M, 96 minutes
4 Stars
Review by © Jane Freebury
A new film from Rolf de Heer has at last arrived. A drama with a cool, fierce intensity that is of a piece with other work in his distinctive oeuvre, while it carries his concerns even further forward.
Thirty years have passed since his feature Bad Boy Bubby, a cult classic with notorious scenes of family dysfunction, burst onto the screen. It was quickly followed by other work that secured the filmmaker’s reputation with prestigious festival recognition for films like The Quiet Room, Alexandra’s Project, The Tracker, Ten Canoes and Charlie’s Country at home and abroad. His new film has won this year’s top jury prize at Berlin.
The Survival of Kindness opens in low light, among masked figures apparently celebrating their claim to contested territory. There is a flag, there are figurines that in close-up tell the ghastly tale. If this wasn’t disturbing enough, after revealing a massacre represented in icing on a cake, it becomes clear that the jolly chat muffled behind gasmasks is impossible to understand.
Before our eyes have adjusted to the gloom or quite fathomed the meaning of this grotesque tea party, our attention turns to a woman of colour held captive in a cage. She is hauled away into a desert, where she is left to die under a blazing sun. Just where this ghastly striking image comes from, we do not know.

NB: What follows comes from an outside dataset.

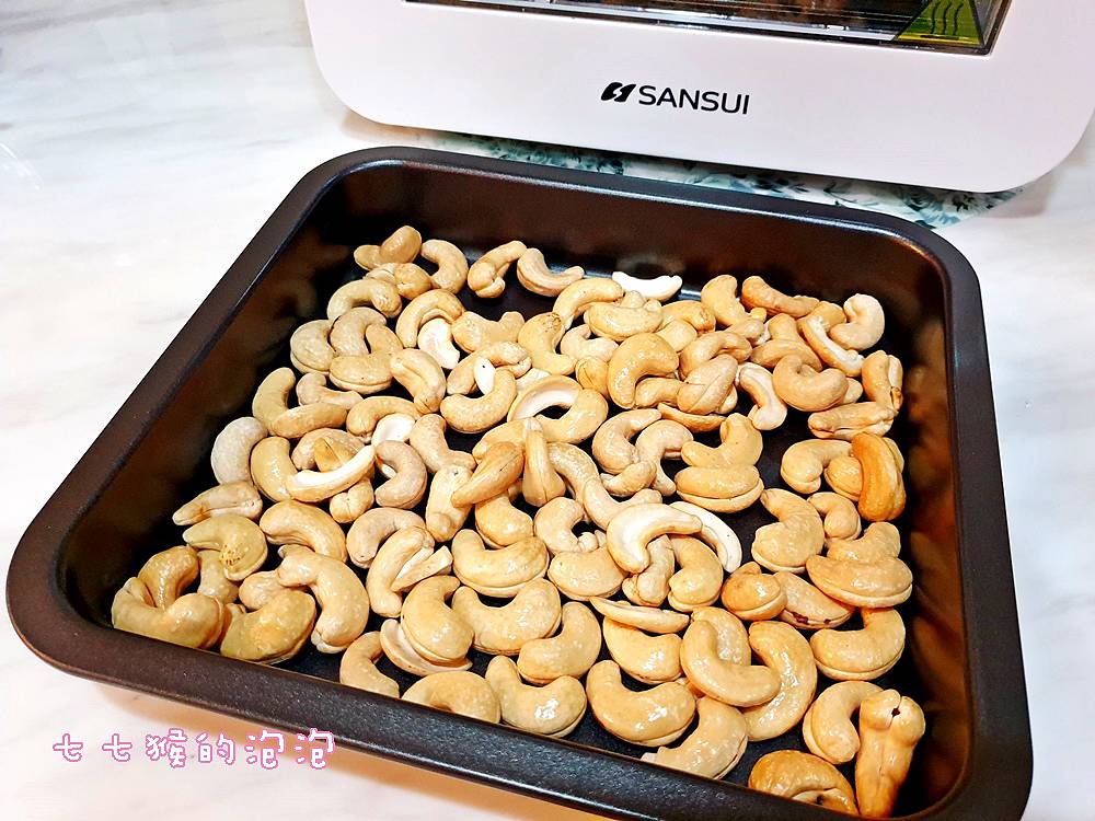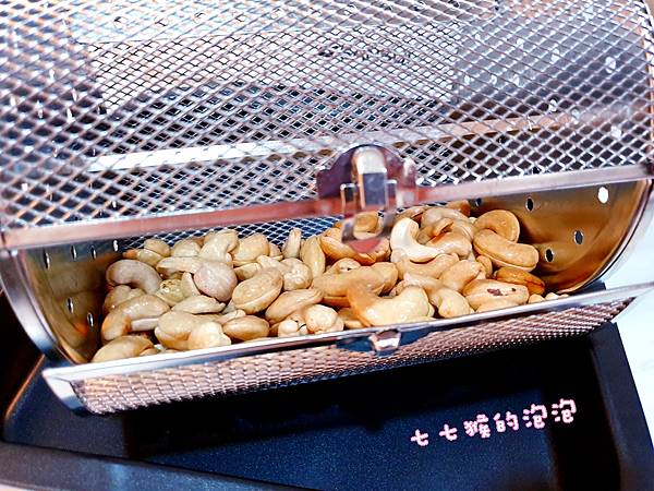 將腰果放進轉籠裡,先用80度轉烤10~15分鐘,風乾水分。

We cannot be surprised by the ideas that emerge from this auteur’s imaginative arsenal
Suddenly alone in the silence and stillness with only colonies of ants for company, BlackWoman (Mwajemi Hussein) has only herself to look to for support. As night follows day, she comes to realise that she can, with imagination and persistence, free herself from her cage, and perhaps from the suggested malevolence of the ants, whose bulbous bodies are enhanced in big close-up.
On the journey she undertakes into the world after she breaks out of prison, it is clear she has these resourceful attributes in spades. As she encounters atrocity in many forms along the way, other post-apocalyptic journeys come to mind like the John Hillcoat film of Cormac McCarthy’s book The Road.
As BlackWoman walks through desert and mountain wilderness and enters a city centre, the ravages of pestilence and systematised racism become increasingly brutal. De Heer acknowledges the impact of the intersection of the covid pandemic with the Black Lives Matter movement on his film, and while events that inspired were global and the locations clearly Australian, the dystopic vision here is a universal narrative for fraught times in our challenged world.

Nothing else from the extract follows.